WHAT YOU SHOULD DO> Up to and including the line with "A tour in Scotland.", write out the listing from its first line, minus the pictures.

GIVEN MATERIAL>
#####

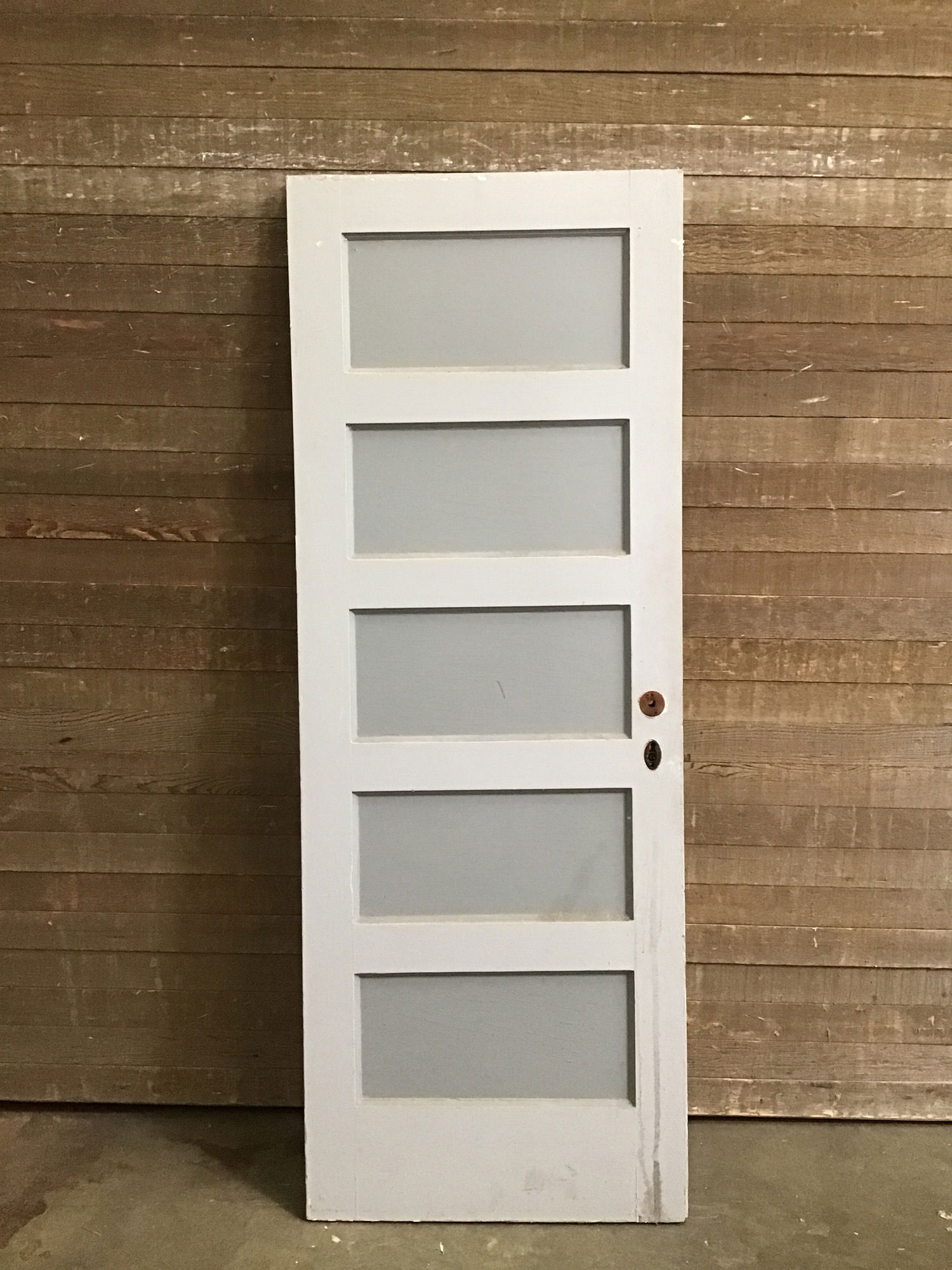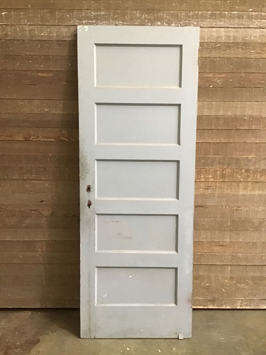 Vintage fir 5 panel door. Has some cosmetic damage from its long life of use, but in overall good solid shape. Bottom has been cut at a slight angle, the height change is 1/4" from one corner to another.
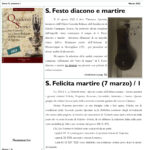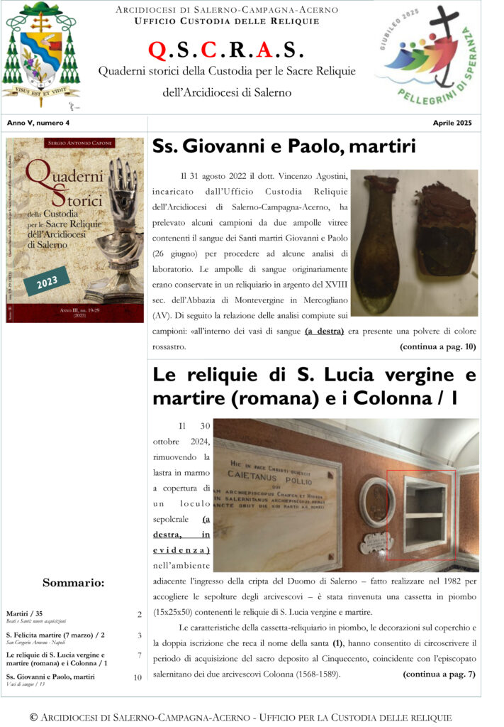 Nell’edizione QSCRAS numero 3 del mese di marzo 2025, in apertura, nella rubrica “Vasi di sangue”, vengono trattate le reliquie di San Festo diacono e martire. Le pagine successive sono dedicate alla ricognizione canonica delle reliquie di Santa Felicita Martire. ...
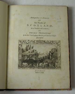 A tour in Scotland. London: Benj. White, 1790-74-76. Mixed edition, 4to, 3 volumes, folding map, 134 engraved plates, later half morocco gilt, interiors clean; Cordiner, Rev. Charles Antiquities and scenery of the North of Scotland in a series of letters to Thomas Pennant. London, 1780. 4to, engraved vignette title, 21 engraved plates, modern calf backed boards, later endpapers, some spotting to title (4)
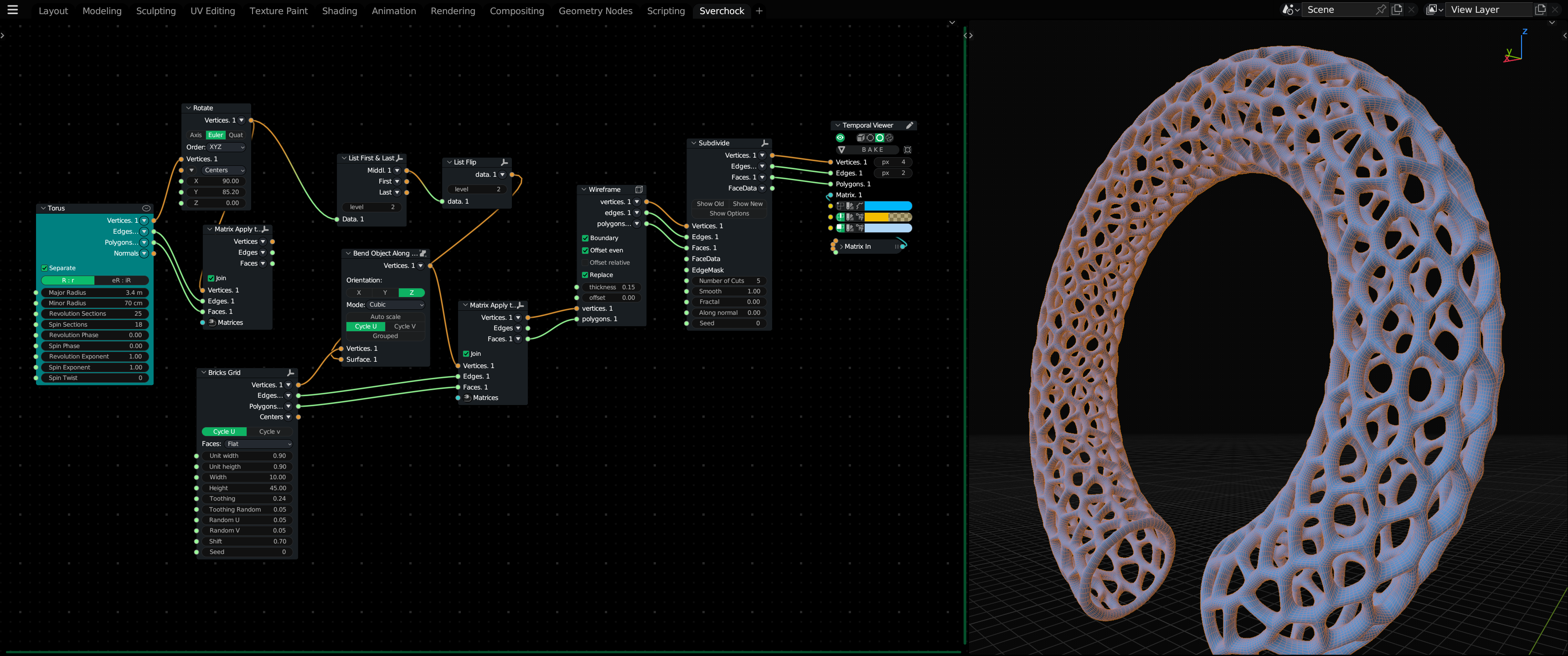 >>325149 Если основные ноды освоил и запаковал многое в нодгруппы, которые потом просто тянешь из ассет браузера, то реально быстро. Базу этой хрени сделал минут за 15, тонко поднастроить, накинуть свет и материалы еще минут 10-15 Без этого пака нодгрупп как без рук, дико советую https://higgsas.gumroad.com/l/wrusot?layout=profile

#####

OUTPUT OF THE EXERCISE>
 Vintage fir 5 panel door. Has some cosmetic damage from its long life of use, but in overall good solid shape. Bottom has been cut at a slight angle, the height change is 1/4" from one corner to another.
 Nell’edizione QSCRAS numero 3 del mese di marzo 2025, in apertura, nella rubrica “Vasi di sangue”, vengono trattate le reliquie di San Festo diacono e martire. Le pagine successive sono dedicate alla ricognizione canonica delle reliquie di Santa Felicita Martire. ...
 A tour in Scotland. London: Benj. White, 1790-74-76. Mixed edition, 4to, 3 volumes, folding map, 134 engraved plates, later half morocco gilt, interiors clean; Cordiner, Rev. Charles Antiquities and scenery of the North of Scotland in a series of letters to Thomas Pennant. London, 1780. 4to, engraved vignette title, 21 engraved plates, modern calf backed boards, later endpapers, some spotting to title (4)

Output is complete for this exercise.